Üstelik bu veriler Merkez Bankası'nın çıplak oranlarını yansıtıyor. Bankaların kredi kullandırımı sırasında uyguladığı sigorta ve ek ücretlerle birlikte gerçek faiz oranlarının tabela oranlarının 3 ila 10 puan üzerine çıktığı belirtiliyor.

Yatırım ve Üretim İçin Büyük Risk

Faiz oranlarındaki artış iş dünyasında da endişe yaratıyor. Birçok iktisatçı, bu gelişmelerin Hazine ve Maliye Bakanı Mehmet Şimşek’in ekonomik programını ciddi biçimde sarstığı görüşünde. Program 2023 Haziran’da başlamış olmasına rağmen, Türkiye politika faizinde dünyada ikinci, enflasyonda ise altıncı sırada yer alıyor.

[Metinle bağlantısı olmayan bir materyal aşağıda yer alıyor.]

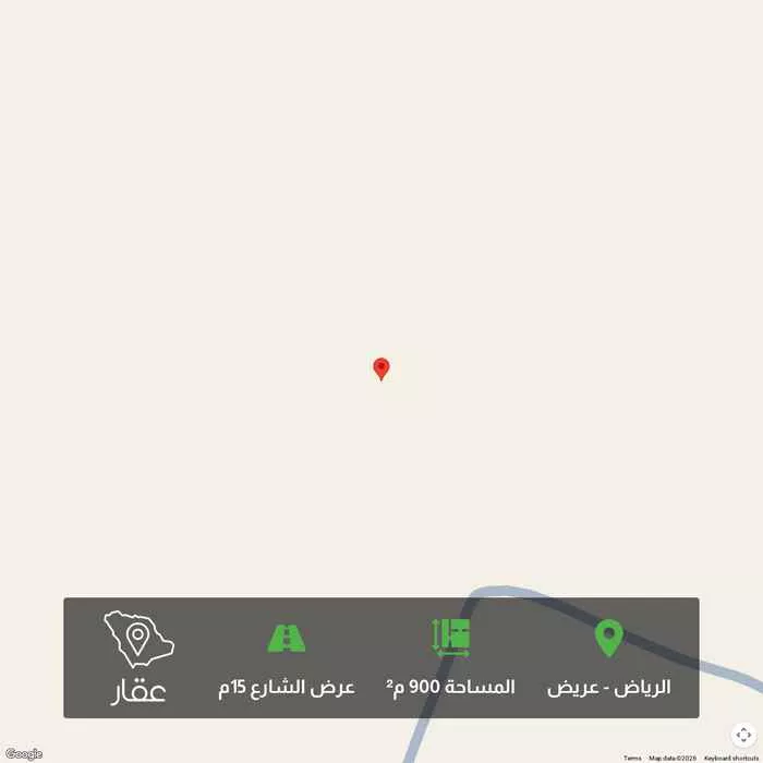 900 م² أرض في عريض، الرياض معروضة بسعر ٦٬٠٠٠ ريال، أقل بنسبة 98% من متوسط سعر الحي البالغ ٣٩٩٬٦٠٠ ريال. بناءً على 653 عقار مشابه.
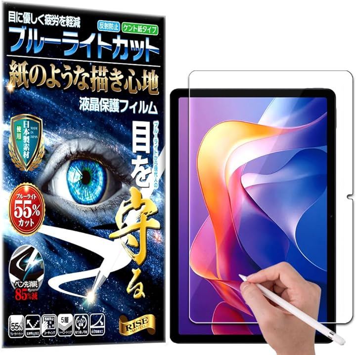 ブルーライトを最大55%までカットするペーパーライクフィルム素材を使用、カット率で目の負担を軽減し、目を優しく守ります。
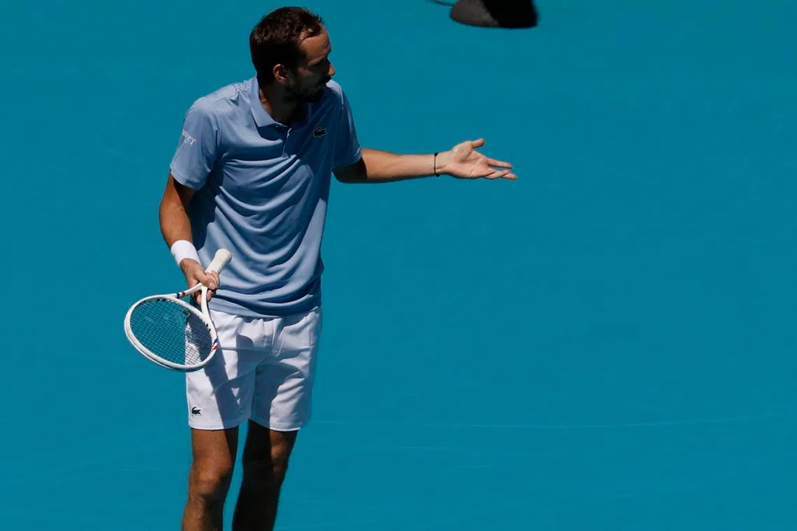 Daniil Medvedev gestures after losing a point against Francisco Cerundolo in the match at Hard Rock Stadium.
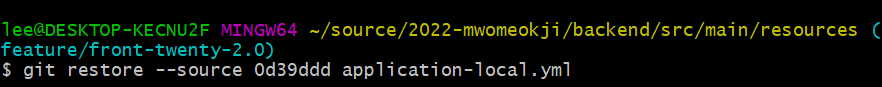 - 변경이 발생한 파일의 최신 버전 commit hash 를 확인한 후, git restore --source [commit hash] [file name] 을 이용하여 해당 파일만 원래 상태로 되돌리기
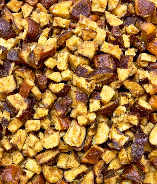 All of our gourmet, soft pretzels are made with a generations-old, family recipe from the Tyrolean alps. We only use all-natural ingredients: a proprietary blend of unbleached and non GMO flours (some of it locally milled), diastatic malt, butter (locally sourced or made in house), yeast, salt and water. That's it! We DO NOT include sugar or eggs/egg wash in our pretzels. Non-dairy/vegan options are available, switching out the butter for vegetable oil.
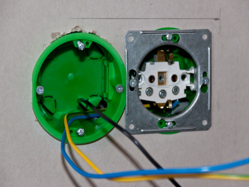 В месте установки розетки должно быть углубление, в которое установлена специальная коробка для выключателя, в которую выведен провод.
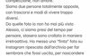 Da quelle foto io non ho mai più visto Alessio, ci siamo presi del tempo per pensare, stasera sono crollata in maniera irretroattiva. Ho messo una “finta” foto su Instagram, ripescata dall’archivio, per far sembrare che fossi uscita, per nascondere l’ennesima sera a casa, per cercare di “difendermi”, per fare quella che in amore fugge, per farsi amare. A 30 anni è troppo patetico. Almeno a me stessa devo ammetterlo. Mi è stato chiesto di aspettare fino a lunedì, ma io non resistevo già dopo due ore. Non riesco a rimandare un confronto così importante, per così tanto tempo.
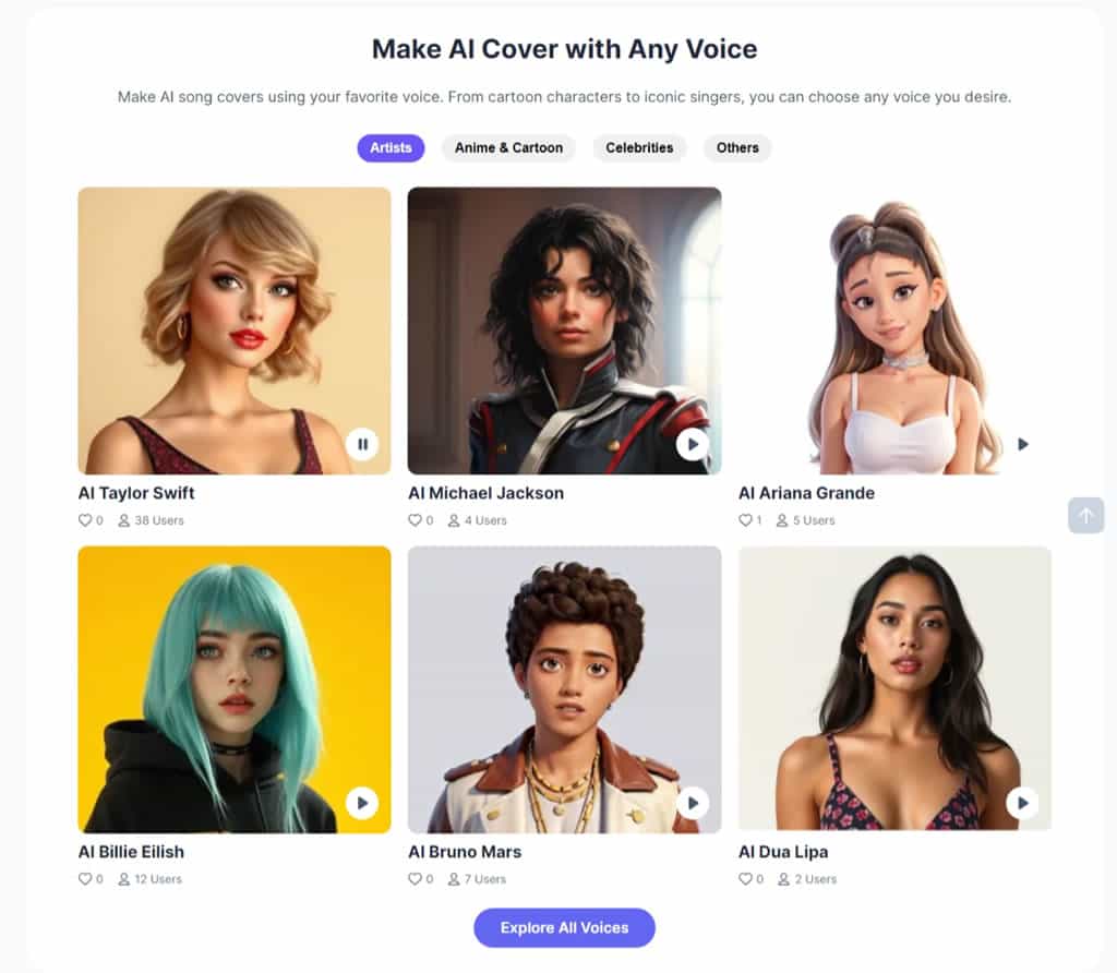 常見的 AI 語音應用通常集中在模仿名人或文字轉語音,但 PopPop AI Song Cover Generator 則是創新專注於歌曲翻唱。這個工具不僅能將各種音樂轉化為不同的 AI 語音風格,還提供多種來源選擇,讓使用者輕鬆生成個性化的翻唱版本。
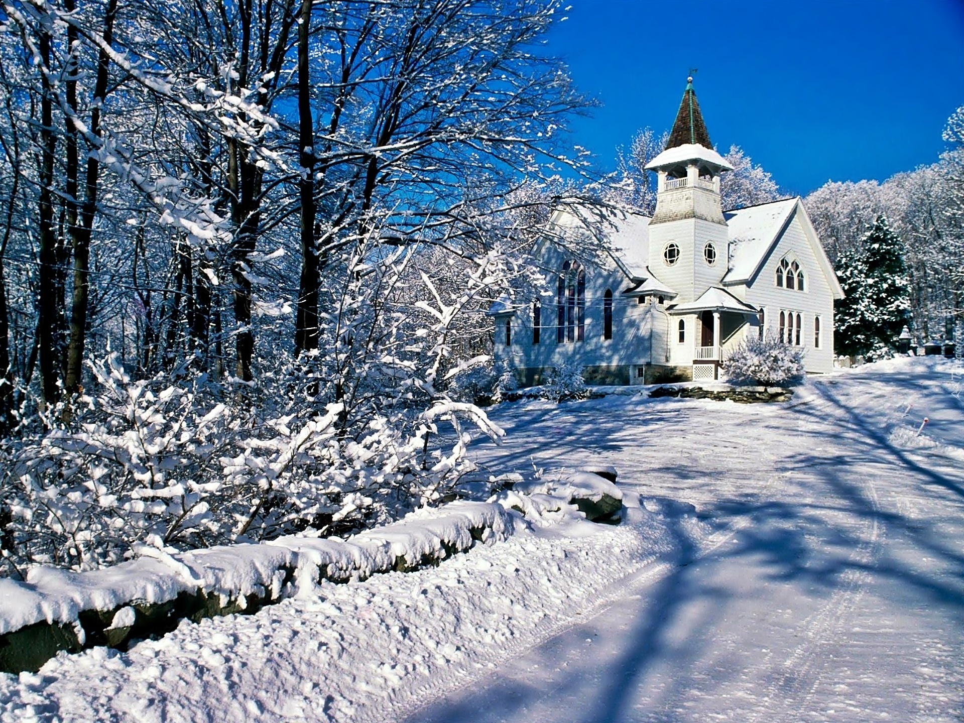 Edytor tapety: Zima, Drzewa, W Śniegu, Droga, Kościół, Światło, Cień
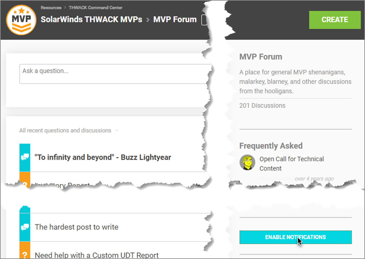 The MVP Forum is your place to ask questions that you may not want to put elsewhere on THWACK. They can be pretty much about anything, but if someone else asks a question or poses an interesting discussion topic, you don't want to be left behind, right?
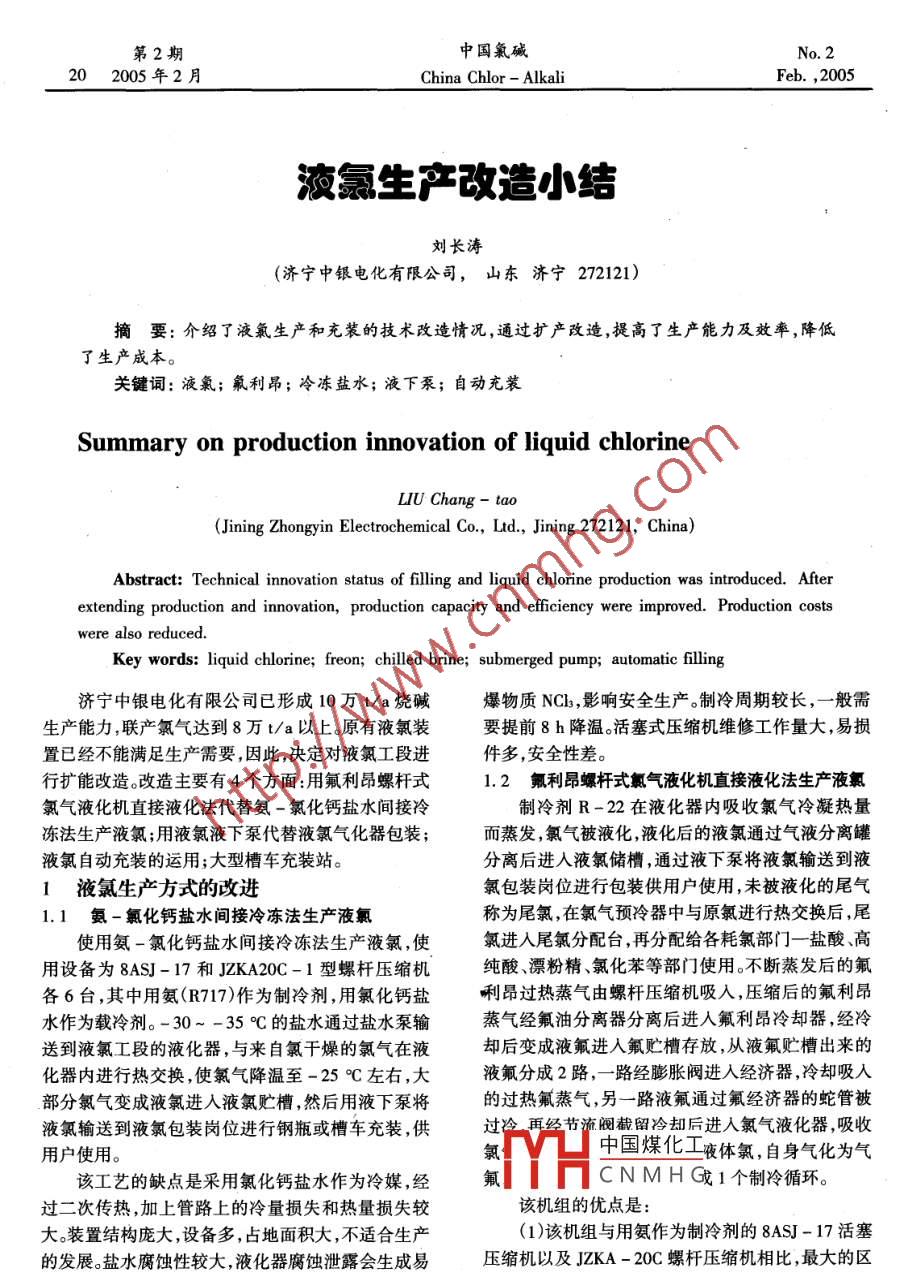 - 期刊名字:中國氯堿
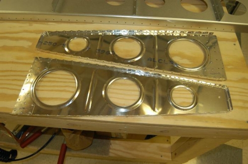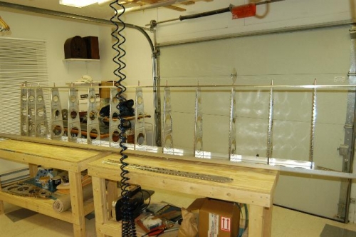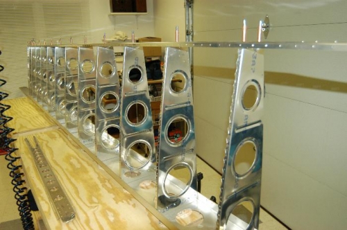 Finished straightening and fluting main ribs. Trimmed forward flanges as called out in Steps 2 and 3. Deburred edges and holes of all main ribs. Match drilled, deburred and attached W-1210B-L&R doublers to main ribs as per Steps 4, 5, 8, and 9. Match drilled, deburred W-1216 hinge bracket assemblies and W-1216B hinge ribs to 4 main ribs as per Steps 6 and 7. Attached all main ribs to W-1206-L spar assembly as per Steps 1-6, Section 15-04.
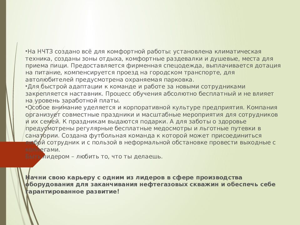 На НЧТЗ создано всё для комфортной работы: установлена климатическая техника, созданы зоны отдыха, комфортные раздевалки и душевые, места для приема пищи. Предоставляется фирменная спецодежда, выплачивается дотация на питание, компенсируется проезд на городском транспорте, для автолюбителей предусмотрена охраняемая парковка. Для быстрой адаптации к команде и работе за новыми сотрудниками закрепляется наставник. Процесс обучения абсолютно бесплатный и не влияет на уровень заработной платы. Особое внимание уделяется и корпоративной культуре предприятия. Компания организует совместные праздники и масштабные мероприятия для сотрудников и их семей. К праздникам выдаются подарки. А для заботы о здоровье предусмотрены регулярные бесплатные медосмотры и льготные путевки в санатории. Создана футбольная команда к которой может присоединиться любой сотрудник и с пользой в неформальной обстановке провести выходные с коллегами. Быть лидером – любить то, что ты делаешь. Начни свою карьеру с одним из лидеров в сфере производства оборудования для заканчивания нефтегазовых скважин и обеспечь себе гарантированное развитие!

Prof. Dr. Ensar Yılmaz, “Üretici fiyatlarındaki düşüşten çok net görülüyor; ülkedeki enflasyon nitelik değiştiriyor. Döviz kuru ve ücret geçişkenliği durmuş gibi; şimdiki durum, düşen arz ve artan faiz etkisi, yani üretimde düşme ve faizin fiyatlara yansıtılması” değerlendirmesinde bulundu.

İş çevreleri de yüksek faizlerin üretimi zorlaştırdığını vurguluyor. Artan kredi maliyetlerinin fiyatlara yansıtılması kaçınılmaz hale gelirken, bu durumun enflasyonu yeniden tetikleyebileceği endişesi dile getiriliyor.